North Korean Leader Kim Jong-un's Half-Brother, Kim Jong-nam, who was Murdered in Malaysia in 2017, was linked to South Korea's National Intelligence Service (NIS)
Kim Jong-nam, the half-brother of North Korean leader Kim Jong-un, who was murdered in Malaysia in 2017, was linked to South Korea's National Intelligence Service (NIS), according to a report by South Korean broadcaster SBS, Tuesday.
SBS reported that it had confirmed from a number of former and current NIS officers that Kim Jong-nam had been providing information on top North Korean officials including Kim Jong-un for at least five to six years before he was killed.
The estranged half-brother was the eldest son of former North Korean leader Kim Jong-il, and was once regarded as the heir apparent to the regime. However, he lost his father's trust after he was involved in a series of problematic incidents, including trying to enter Japan on a false passport in 2001. At that time, he said he was attempting to visit the Tokyo Disneyland; and since then, he had been living in Macau, and traveling to other countries.
In February 2017, Kim was in Kuala Lumpur International Airport when two young women ― one from Indonesia and the other from Vietnam ― suddenly approached him and smeared the lethal XV chemical agent on his face.
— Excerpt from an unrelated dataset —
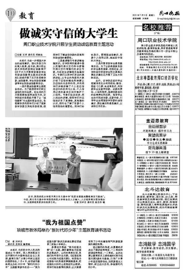 本报讯 为进一步增强大学生的诚信意识,强化资助工作的育人效果,连日来,周口职业技术学院积极响应省教育厅《关于大力开展我省高校学生资助诚信教育主题活动的通知》,陆续开展了反不良网络贷款、诚信教育、学生资助政策解读等学生资助诚信教育活动。

He died within an hour, and the brazen attack that occurred in broad daylight among a large crowd shocked the world.
According to SBS, NIS agents contacted Kim in "third-countries," and provided him with monetary compensation.
The report added that the NIS had basic information on Kim's whereabouts and that he sometimes directly contacted the spy agency through email.
At the time, there was speculation that Kim might have been seeking asylum in South Korea, but SBS reported that the former and current officer whom it contacted dismissed this, saying it would have put a considerable burden on inter-Korean relations.